Material provided:
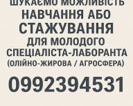 Шукаємо можливість навчання або стажування для молодого спеціаліста-лаборанта (олійно-жирова / агросфера)
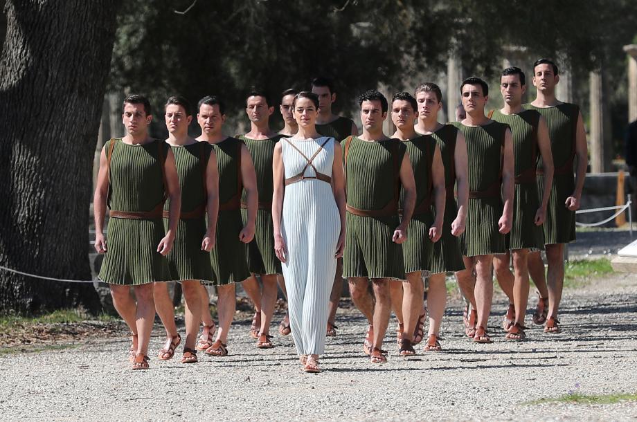 一名女祭司以三击鼓的方式拉开了圣火采集仪式的序幕。身穿浅蓝色的女祭司们缓缓入场,最终,伴随着鹅卵石击打的声音,最高女祭司缓缓步入场中。在凹面聚焦镜前,她呼唤太阳神阿波罗,随即将火炬缓缓伸向凹面镜,在阳光反射下聚焦,火炬瞬间被点燃。最高女祭司用火炬点燃圣火盆,留取火种。在三击鼓后,35名女祭司重新汇聚成行,手捧圣火盆,沿着石子路,穿过拱门到达古奥林匹克竞技场。
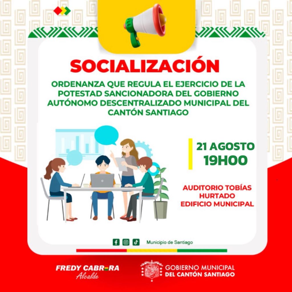 El GAD Municipal del cantón Santiago invita a la socialización de la Ordenanza que regula el ejercicio de la potestad sancionadora.
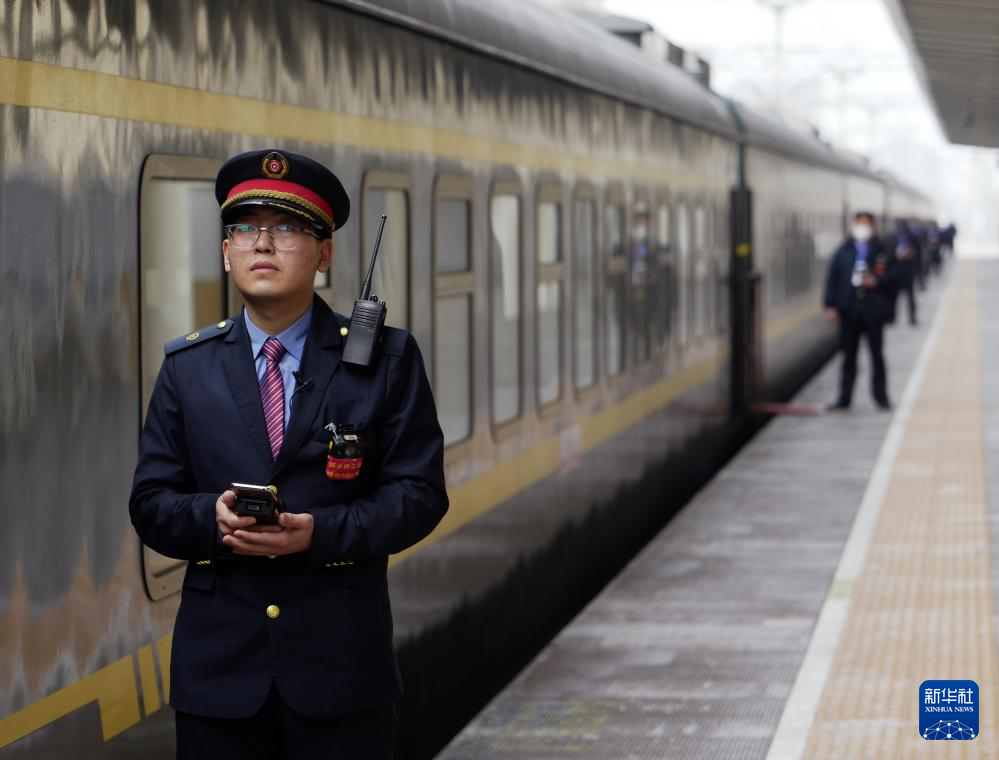 在新乡站站台上,苏媛婷在一旁悄悄观望,等候杜永其完成工作(2月1日摄)。

Problem:
The whole listing above should be restated word for word, minus any images.

Task response:
 Шукаємо можливість навчання або стажування для молодого спеціаліста-лаборанта (олійно-жирова / агросфера)
 一名女祭司以三击鼓的方式拉开了圣火采集仪式的序幕。身穿浅蓝色的女祭司们缓缓入场,最终,伴随着鹅卵石击打的声音,最高女祭司缓缓步入场中。在凹面聚焦镜前,她呼唤太阳神阿波罗,随即将火炬缓缓伸向凹面镜,在阳光反射下聚焦,火炬瞬间被点燃。最高女祭司用火炬点燃圣火盆,留取火种。在三击鼓后,35名女祭司重新汇聚成行,手捧圣火盆,沿着石子路,穿过拱门到达古奥林匹克竞技场。
 El GAD Municipal del cantón Santiago invita a la socialización de la Ordenanza que regula el ejercicio de la potestad sancionadora.
 在新乡站站台上,苏媛婷在一旁悄悄观望,等候杜永其完成工作(2月1日摄)。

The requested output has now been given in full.